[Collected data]
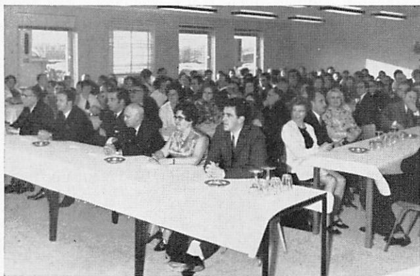
Algemeen gezicht in de zaal.
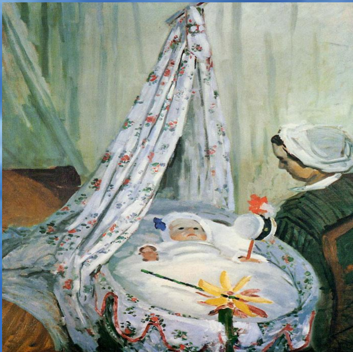
Клод Моне «Жан Моне в колыбели» 1867
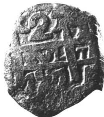
Figura 7. Moneda macuquina (Potosí - 1757).
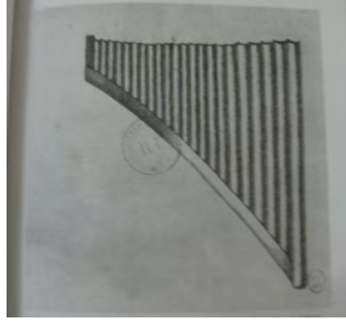
Resim 4. Miskâl Çizimi, Fonton, a.g.e. , s. 85.
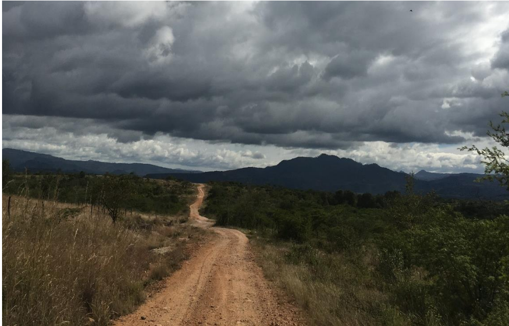
VISTA PANORÁMICA DE CALLE A REPARAR
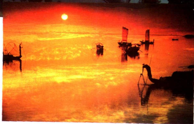
渔歌唱晚
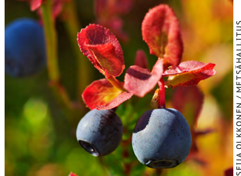
SEIJA OIKKONEN / METSÄHALLITUS
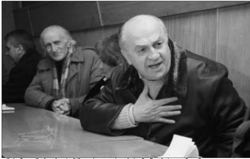
არასამთავრობოები საპროტესტო აქციების მოწყობას გეგმავენ.

"ვაკის გონივრული განვითარების" ოფისში სხვადასხვა არასამთავრობო ორგანიზაციის წარმომადგენლები შეიკრიბნენ. შეკრების მიზანი ბაქო-თბილისი-ჯეიჰანის ნავთობსადენის მშენებლობის საკითხების განხილვა გახლდათ. არასამთავრობოები უახლოეს დღეებში გააქტიურებას და საპროტესტო აქციების მოწყობას გეგმავენ, რათა მილსადენის ბოლომდე გაყვლა აღკვეთონ და, ამასთანავე, საერთაშორისო საზოგადოების ყურადღება მიიპყრონ.

#### [WORK TO COMPLETE]
Those lines of the records above that run from the one containing "SEIJA OIKKONEN / METSÄHALLITUS" through the one containing "არასამთავრობოები საპროტესტო აქციების" should be returned exactly, with no pictures among them.

#### [TASK OUTPUT]
SEIJA OIKKONEN / METSÄHALLITUS
არასამთავრობოები საპროტესტო აქციების მოწყობას გეგმავენ.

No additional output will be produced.